Link to the landing page containing articles
This is the information I get using chrome dev tools when I click on the next page button:
GENERAL
=======================================================
Request URL: https://www.ncbi.nlm.nih.gov/pubmed/
Request Method: POST
Status Code: 200 OK
Remote Address: 130.14.29.110:443
Referrer Policy: origin-when-cross-origin
RESPONSE HEADERS
=======================================================
Cache-Control: private
Connection: Keep-Alive
Content-Encoding: gzip
Content-Security-Policy: upgrade-insecure-requests
Content-Type: text/html; charset=UTF-8
Date: Fri, 29 Jun 2018 10:27:42 GMT
Keep-Alive: timeout=1, max=9
NCBI-PHID: 396E3400B36089610000000000C6005E.m_12.03.m_8
NCBI-SID: CE8C479DB3510951_0083SID
Referrer-Policy: origin-when-cross-origin
Server: Apache
Set-Cookie: ncbi_sid=CE8C479DB3510951_0083SID; domain=.nih.gov; path=/; expires=Sat, 29 Jun 2019 10:27:42 GMT
Set-Cookie: WebEnv=1Jqk9ZOlyZSMGjHikFxNDsJ_ObuK0OxHkidgMrx8vWy2g9zqu8wopb8_D9qXGsLJQ9mdylAaDMA_T-tvHJ40Sq_FODOo33__T-tAH%40CE8C479DB3510951_0083SID; domain=.nlm.nih.gov; path=/; expires=Fri, 29 Jun 2018 18:27:42 GMT
Strict-Transport-Security: max-age=31536000; includeSubDomains; preload
Transfer-Encoding: chunked
Vary: Accept-Encoding
X-UA-Compatible: IE=Edge
X-XSS-Protection: 1; mode=block
REQUEST HEADERS
========================================================
Accept: text/html, */*; q=0.01
Accept-Encoding: gzip, deflate, br
Accept-Language: en-US,en;q=0.9
Connection: keep-alive
Content-Length: 395
Content-Type: application/x-www-form-urlencoded; charset=UTF-8
Cookie: ncbi_sid=CE8C479DB3510951_0083SID; _ga=GA1.2.1222765292.1530204312; _gid=GA1.2.739858891.1530204312; _gat=1; WebEnv=18Kcapkr72VVldfGaODQIbB2bzuU50uUwU7wrUi-x-bNDgwH73vW0M9dVXA_JOyukBSscTE8Qmd1BmLAi2nDUz7DRBZpKj1wuA_QB%40CE8C479DB3510951_0083SID; starnext=MYGwlsDWB2CmAeAXAXAbgA4CdYDcDOsAhpsABZoCu0IA9oQCZxLJA===
Host: www.ncbi.nlm.nih.gov
NCBI-PHID: 396E3400B36089610000000000C6005E.m_12.03
Origin: https://www.ncbi.nlm.nih.gov
Referer: https://www.ncbi.nlm.nih.gov/pubmed
User-Agent: Mozilla/5.0 (Windows NT 6.1) AppleWebKit/537.36 (KHTML, like Gecko) Chrome/67.0.3396.99 Safari/537.36
X-Requested-With: XMLHttpRequest
FORM DATA
========================================================
p$l: AjaxServer
portlets: id=relevancesortad:sort=;id=timelinead:blobid=NCID_1_120519284_130.14.22.215_9001_1530267709_1070655576_0MetA0_S_MegaStore_F_1:yr=:term=%222015%22%5BDate%20-%20Publication%5D%20%3A%20%223000%22%5BDate%20-%20Publication%5D;id=reldata:db=pubmed:querykey=1;id=searchdetails;id=recentactivity
load: yes
This is my script so far (the get request is working flawlessly if uncommented, but for the first page):
import requests
from urllib.parse import urljoin
from bs4 import BeautifulSoup
geturl = "https://www.ncbi.nlm.nih.gov/pubmed/?term=%222015%22%5BDate+-+Publication%5D+%3A+%223000%22%5BDate+-+Publication%5D"

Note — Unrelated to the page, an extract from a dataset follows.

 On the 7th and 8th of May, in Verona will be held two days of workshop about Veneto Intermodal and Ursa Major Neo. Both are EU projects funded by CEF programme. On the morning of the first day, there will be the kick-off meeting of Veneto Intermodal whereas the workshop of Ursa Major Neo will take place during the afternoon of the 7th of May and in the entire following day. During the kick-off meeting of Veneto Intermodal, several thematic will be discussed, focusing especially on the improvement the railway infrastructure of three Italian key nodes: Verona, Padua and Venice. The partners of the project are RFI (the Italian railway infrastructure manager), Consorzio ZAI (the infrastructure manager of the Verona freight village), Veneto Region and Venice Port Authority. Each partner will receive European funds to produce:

posturl = "https://www.ncbi.nlm.nih.gov/pubmed/"
# res = requests.get(geturl,headers={"User-Agent":"Mozilla/5.0"})
# soup = BeautifulSoup(res.text,"lxml")
# for items in soup.select("div.rslt p.title a"):
# print(items.get("href"))
FormData={
'p$l': 'AjaxServer',
'portlets': 'id=relevancesortad:sort=;id=timelinead:blobid=NCID_1_120519284_130.14.22.215_9001_1530267709_1070655576_0MetA0_S_MegaStore_F_1:yr=:term=%222015%22%5BDate%20-%20Publication%5D%20%3A%20%223000%22%5BDate%20-%20Publication%5D;id=reldata:db=pubmed:querykey=1;id=searchdetails;id=recentactivity',
'load': 'yes'
}
req = requests.post(posturl,data=FormData,headers={"User-Agent":"Mozilla/5.0"})
soup = BeautifulSoup(req.text,"lxml")
for items in soup.select("div.rslt p.title a"):
print(items.get("href"))
Btw, the url in the browser becomes "https://www.ncbi.nlm.nih.gov/pubmed" when I click on the next page link.

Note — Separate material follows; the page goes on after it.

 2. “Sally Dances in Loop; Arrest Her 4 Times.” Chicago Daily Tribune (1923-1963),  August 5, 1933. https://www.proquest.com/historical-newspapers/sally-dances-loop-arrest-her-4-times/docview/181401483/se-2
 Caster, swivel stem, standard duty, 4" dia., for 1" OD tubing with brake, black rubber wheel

I don't wish to go for any solution related to any browser simulator. Thanks in advance.
The content is heavily dynamic, so it would be best to use selenium
or similar clients, but I realize that this wouldn't be practical as the number of results is so large. So, we'll have to analyse the HTTP requests submitted by the browser and simulate them with requests
.
The contents of next page are loaded by POST request to /pubmed
, and the post data are the input fields of the EntrezForm
form. The form submission is controlled by js (triggered when 'next page' button is clicked), and is preformed with the .submit()
method.
After some examination I discovered some interesting fields:
EntrezSystem2.PEntrez.PubMed.Pubmed_ResultsPanel.Pubmed_Pager.CurrPage
andEntrezSystem2.PEntrez.PubMed.Pubmed_ResultsPanel.Pubmed_Pager.cPage
indicate the current and next page.
EntrezSystem2.PEntrez.DbConnector.Cmd
seems to preform a database query. If we don't submit this field the results won't change.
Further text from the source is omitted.